Oui, c’est bien cela la République : l’homme est ce qu’il fait. Il n’est pas ce qu’il est. Il n’est pas une identité, il est une action, il est un chemin”


Discours

Que proposons-nous à nos concitoyens qui leur donne le sentiment de participer à un même effort et à une même aventure ? Notre République n’a plus de projet. Elle est désœuvrée. Et dans ce grand désœuvrement, elle se torture le crâne sur des questions qui n’auraient pas lieu d’être si elle était tournée vers l’action. En un mot, elle trompe son ennui. On invente des débats sur l’identité nationale, on imagine des quasi-guerres de religion. Mais ce ne sont pas les vraies questions. On dit que l’intégration ne marche plus. Mais à quoi peut-on bien intégrer, quand on ne fait plus vivre la République ? Oui, il est urgent de redonner sa place à la République, de l’inscrire à l’ordre du jour.
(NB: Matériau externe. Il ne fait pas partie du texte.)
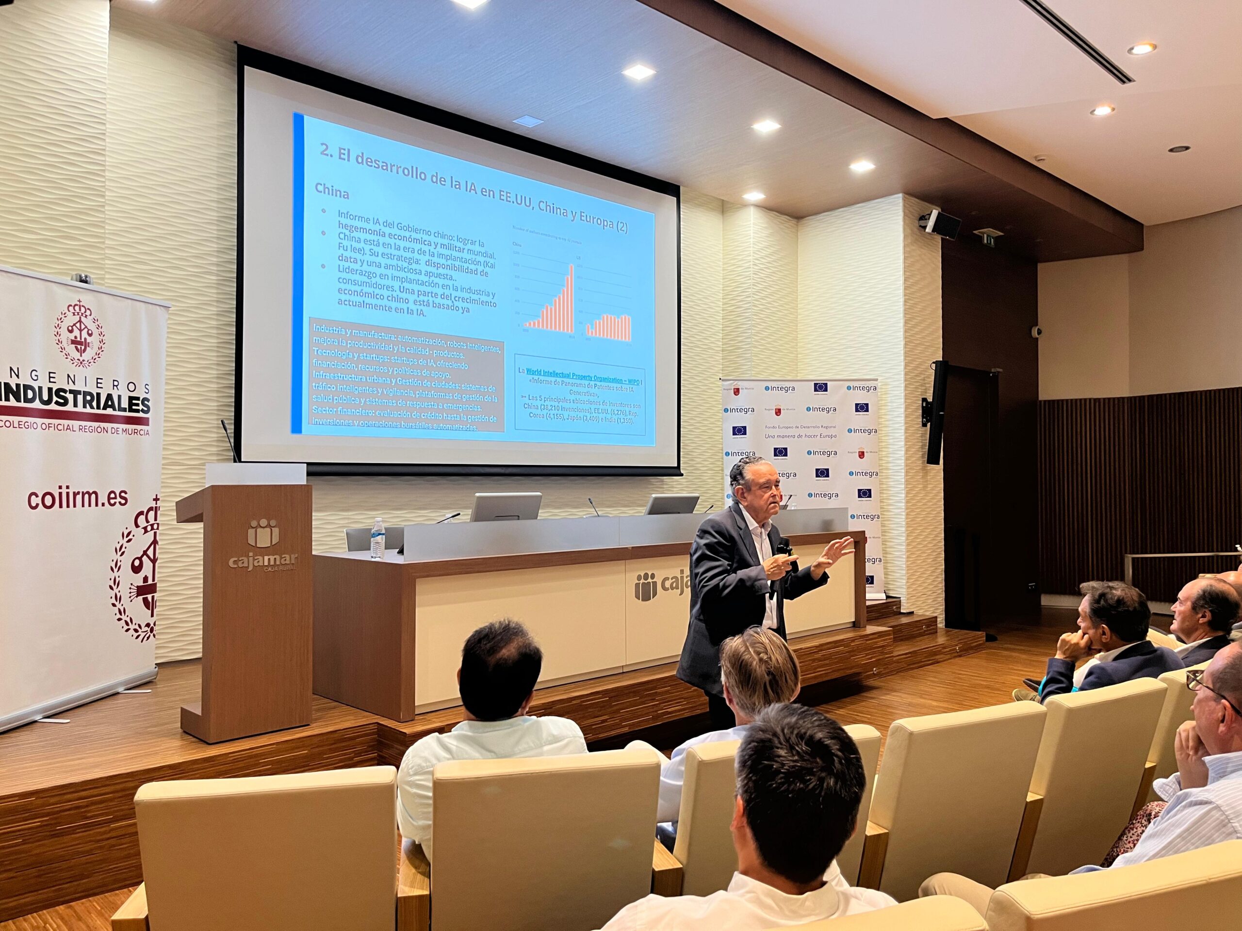 El pasado 12 de septiembre, tuvo lugar en el salón de actos de Cajamar la Jornada Ciclo Agro+ Digital, organizada por el Colegio de Ingenieros Industriales de la Región de Murcia (COIIRM) en colaboración con la Fundación Integra Digital. Esta jornada, centrada en la transformación que la Inteligencia Artificial (IA) está generando en sectores tradicionales como el agrícola y el agroalimentario, reunió a expertos y líderes del sector para debatir sobre el futuro de la tecnología aplicada a estos campos clave en la economía regional.

Il est urgent de la transformer en projet. En projet pour demain. Permettez-moi également de rajouter un mot… Beaucoup d’intervenants ce matin

ont évoqué l’écologie. L’écologie, ce sont les droits de l’Homme du 21e siècle. Elle n’est ni de droite, ni de gauche, elle n’appartient à personne. L’écologie est tout simplement républicaine. La période qui s’ouvre va être un formidable moment de débats pour construire la France des 10, 20 ans à venir. Avec les radicaux valoisiens, nous y travaillons

d’ores et déjà dans le cadre de l’Alliance républicaine, écologiste et sociale. Et si un radical est en mesure d’incarner ce projet et ces idées républicaines, je souhaite ardemment que tous les radicaux, quels qu’ils soient, se retrouvent pour ensemble porter et incarner la République »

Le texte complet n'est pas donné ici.